Looking for the science in wolf debate

RON SEELY | Wisconsin State Journal

Wednesday morning, in a dim, fourth-floor hallway of the state Capitol, a group of people awaited the beginning of a hearing on a proposed wolf hunting season in Wisconsin.

It was an unexpected pleasure to stand there with them and listen to the conversation. That’s because the group included a handful of the most knowledgable wolf experts in the state, scientists who are probably most responsible for the return of the gray wolf to Wisconsin’s forests.

The gathering included Dick Thiel, the now-retired DNR biologist who almost single-handedly convinced the agency in the 1980s that wolves had returned to Wisconsin and who authored and for several years managed the state’s wolf recovery plan. Others in the hallway included Randle Jurewicz, also retired, who for many years managed wolf recovery for the DNR’s Bureau of Endangered Resources, and Tim Van Deelen, a UW-Madison wildlife ecologist who helped write the wolf management plan.
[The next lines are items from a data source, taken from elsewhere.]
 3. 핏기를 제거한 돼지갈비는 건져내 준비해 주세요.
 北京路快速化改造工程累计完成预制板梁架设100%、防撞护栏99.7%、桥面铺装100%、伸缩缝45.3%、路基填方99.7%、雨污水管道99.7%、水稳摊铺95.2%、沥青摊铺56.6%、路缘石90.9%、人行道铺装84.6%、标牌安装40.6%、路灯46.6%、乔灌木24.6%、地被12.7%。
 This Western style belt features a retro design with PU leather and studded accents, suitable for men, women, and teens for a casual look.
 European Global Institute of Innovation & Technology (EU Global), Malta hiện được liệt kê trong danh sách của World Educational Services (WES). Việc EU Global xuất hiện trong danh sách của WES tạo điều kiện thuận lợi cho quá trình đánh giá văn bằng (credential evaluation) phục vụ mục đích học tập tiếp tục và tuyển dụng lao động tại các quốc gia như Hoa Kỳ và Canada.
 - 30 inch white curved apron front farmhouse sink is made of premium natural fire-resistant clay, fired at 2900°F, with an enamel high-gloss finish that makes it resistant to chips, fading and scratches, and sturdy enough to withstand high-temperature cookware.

So, what was the topic of conversation in the hallway?

A movie, of all things. At issue was “The Grey,” a just-released movie starring Liam Neeson about a group of oil workers who survive a plane crash in remote Alaska only to be pursued and eaten, one-by-one, by wolves.
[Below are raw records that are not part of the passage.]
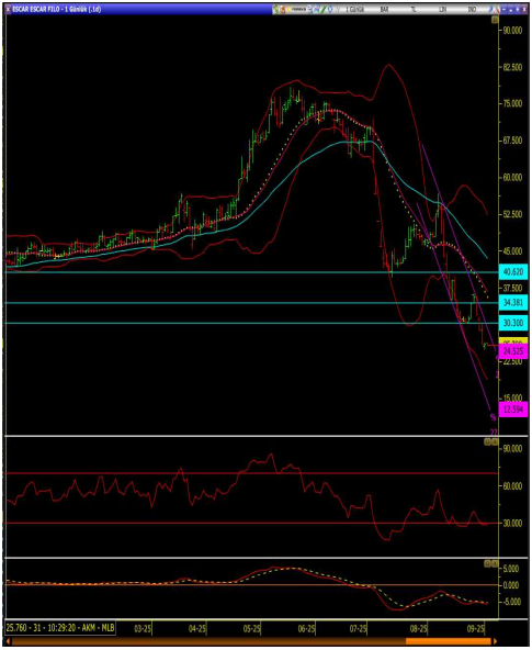 • Bu seviyenin altında bollinger alt banda doğru baskı görülmeye devam edebilir.
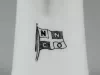 One small cream pitcher (single serving size) from the dining room of the passenger steamship, SS City of Collingwood, of the Northern Navigation Company. The cylindrically-shaped pitcher is made of heavyweight white glazed china. It has an open top with a thickened rim, a short spout, straight sides that flare outward slightly to form a wider base with a rounded edge, and a plain curved side handle. A black and white image of the company flag is stamped the side of the pitcher beneath the spout. No manufacturer's name or marks are shown.
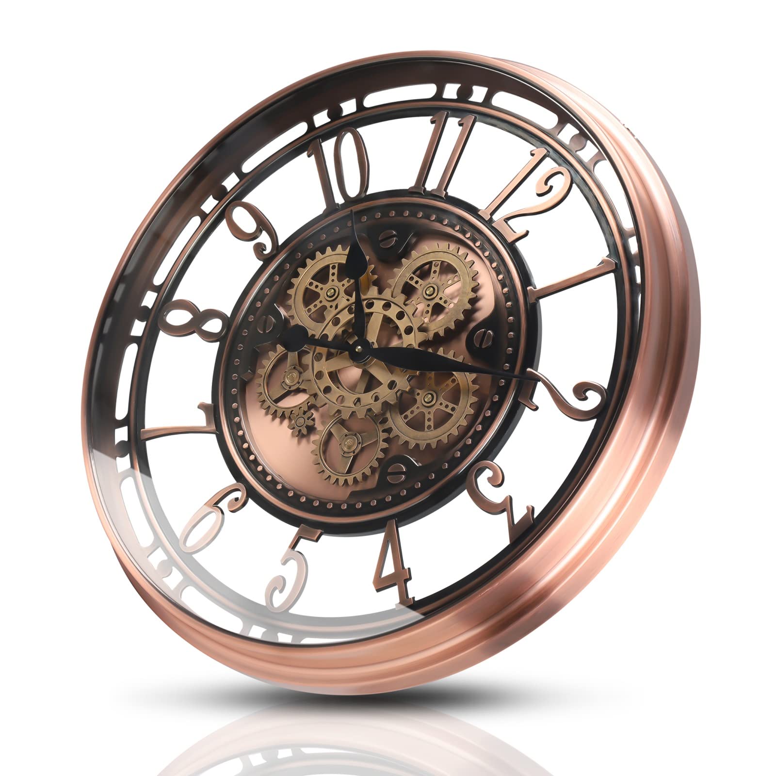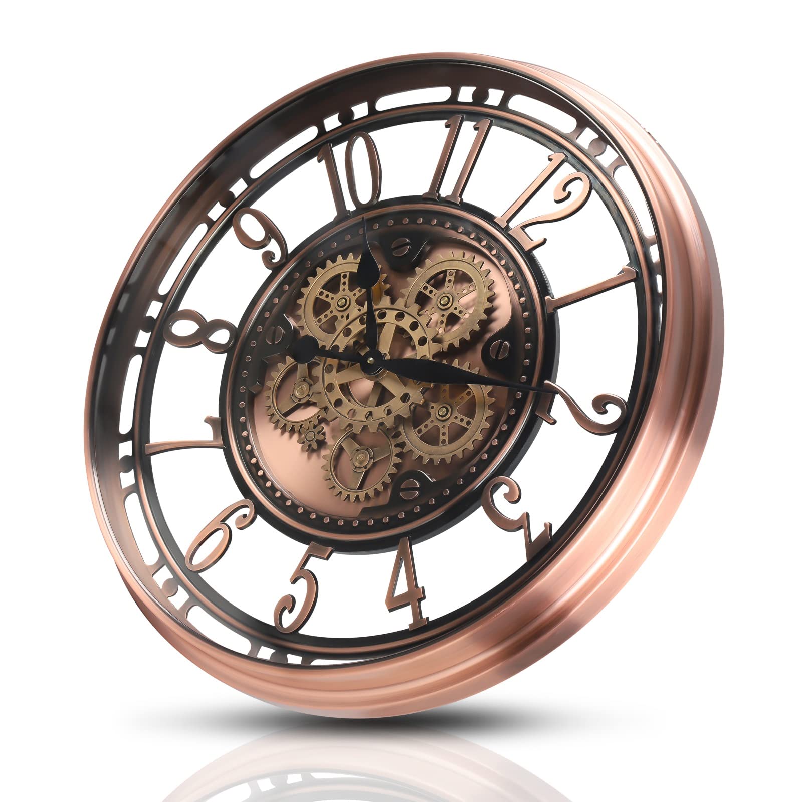 Aged Rose gold copper colored background shadows behind the distressed brushed gold gears for an engaging steampunk vibe look.The sturdy time set wheel adjusts to any location in the world. Let your clock tell more than just time!
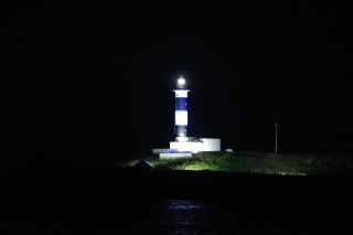 大成功! 真っ暗な海にぽっかりと浮かび上がる「大間埼灯台」。

It is, Jurewicz said, a terrestrial version of “Jaws.”

The common lament in the hallway was that, after all these years of recovery work and of efforts to correct much of the wrong-headed mythology about wolves, along comes a movie that turns them into man-eating monsters. The truth is, wolves generally don’t eat people. In fact, according to Minnesota’s International Wolf Center, there are only two documented cases of wolves killing humans – an incident in 2005 in Saskatchewan and another at Chignik Lake in Alaska in 2010.

But the tendency to demonize wolves once again seems on the rise everywhere. A Western hunting and anti-wolf group called Lobo Watch runs a web page in which it calls for the extermination of wolves. And even here in Wisconsin – at the very hearing attended by the researchers last week – some proponents of a wolf hunting season seemed all too willing to return to stereotypes of the wolf as a bloodthirsty killer of livestock and deer to justify a hunting season.

All of the respected biologists who testified last week before the Assembly Natural Resources Committee, while supporting the idea of a wolf hunting season, also cautioned that more research is necessary to fully understand the impact of a hunt on a recovering population. During the quiet conversation in the Capitol hallway before the hearing, the researchers said that none of them had been contacted by authors of the bill.